How and Why Did Messianic Music’s Main Artist/Producer Vanish?

“Repair injustice. Plead the case of those without a champion!” – Isaiah 1:17

“Do not withhold good from those to whom it is due, when it is in your power to do it.” – Proverbs 3:27

“The Body of Messiah is the only army on earth that still executes its own wounded.” – Bob Mumford, 1970’s “Institute For Youth Conflicts”

“There is no kindness that will create a sense of obligation in those who are, by nature, ungrateful.” – Aesop

“The workman is worthy of his wages.” – Luke 10:7

On December 13, 2021, the window of time closed on the Messianic Movement’s chance to right a terrible wrong.

The central figure – even, hero – of its entire musical world’s founding recording and performing era has been moved off the radar into obscurity and neglect. Far from receiving the honor and affection he is due – he seems not even to be getting his royalty payments that are due to him by contract. This is not just a crime of ingratitude – it is also an outright crime of theft.

This man, who was living obscurely in Cincinnati at my last contact with him in 2006, should receive a lifetime achievement award from the American and Canadian Messianic Jewish Associations. From the early 1970’s to the mid-1990’s, he was the beating heart, the epicenter of the entire synagogual Messianic Jewish musical world. And when I say, “the epicenter,” I mean – almost literally everything recorded musically in Messianic Judaism was personally “produced” by him.

Lamb. Nagila. Kol Simcha. Cohen & Rose. Mirjam. Nancy Santiago– and on.

Every partaker of Messianic Jewish music from that time and for a period afterwards, including trickle-down into the present day, owes a huge percentage of every moment they enjoy quality-produced recorded Messianic Jewish Music directly to him. He was the musical “Ord Wingate” of the Messianic Jewish musical world: a non-Jew by birth who came in and among Israel with profound gifts, and used them for the sake of Israel’s faith and people.

His name was Rick Coghill - may he now rest in peace.

He was something between passively forgotten and actively erased.

In the 1990’s, Rick Coghill committed the cardinal sin in a movement whose leaders told people facing hard times, “This Movement is about joy!” Rick Coghill fell upon hard times.

In response, the sphere he had served for the best two decades of his musical life turned its back on him. The people who fed – and still feed – on the products of his labors and expertise just looked the other way. There was no place for people in deep pain or despair in a movement trademarking itself as a location of unbroken joyfulness and victory-to-victory living.

So – in short order – he was disappeared.

And dark as that reality is, there is a darker side to his disappearance, as well.

In his absence, his former partner is living off of, and trading upon accomplishments of Coghill’s as if they were and are artifacts of his own genius/calling. This 20-year disgrace needs to be set aright.

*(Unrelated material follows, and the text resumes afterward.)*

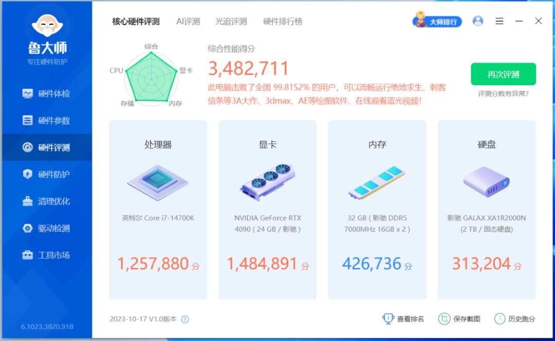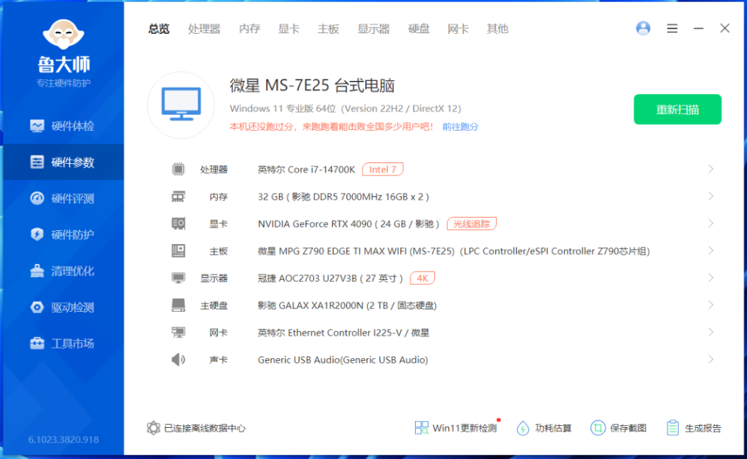 完整配置:Intel i7-14700K、微星MPG Z790 EDGE TI MAX WIFI主板、影驰RTX 4090 星曜OC显卡、HOF Classic D5-7000MHz 16G*2内存、星曜X4 Pro 2T M.2固态硬盘、影驰 480白色一体式水冷、HOF OC ONE 白色全塔机箱、HOF GH-1300 白金全模组电源、铠F3 星曜积木风扇*16…

SEPARATING GENIUS FROM GENERIC

Since Coghill’s disappearance, his former partner in Lamb has been acting before all the world as if he, and not Coghill, was the entity responsible for Lamb’s musical footprint. He has certainly both presented himself and been presented by his Messianic Jewish Alliance of America (MJAA) context in this way: always referred to “a pioneer” and “the founding father of the Messianic musical genre:” the truth is – and I was there as a professionally trained performer to see it personally – Coghill’s former partner had a significant part in the genre’s birth – but without Rick Coghill, his music would have remained only one of a large group of fairly normal post-Joni Mitchell balladeers with no breakout hallmarks to draw attention to them beyond the other multitudinous folk rock balladeering of that spiritual era.

Rick Coghill’s producing and performing genius were those breakout hallmarks: they were what made Lamb’s sound stand out – and be unforgettable.

Good examples of this are songs like “Jonah” – or – “Comfort Ye My People.”

The song, Jonah, without Coghill’s ingenious use of the Guitar TalkBox made famous by Peter Frampton, would be just a mediocre folk ballad. Listen to it. It is a quite ordinary song. Coghill’s brilliant opening in which the guitar became the voice of God calling out to Jonah, and literally shook the ground live audiences stood upon – along with other such production artifacts in the song – are what “made” the song; made it something people were excited to hear, and awaited with anticipation, hoping it would be performed – even calling for it as an encore if they didn’t perform it in a concert. Without Coghill’s musical footprint – Jonah is just a another ballad.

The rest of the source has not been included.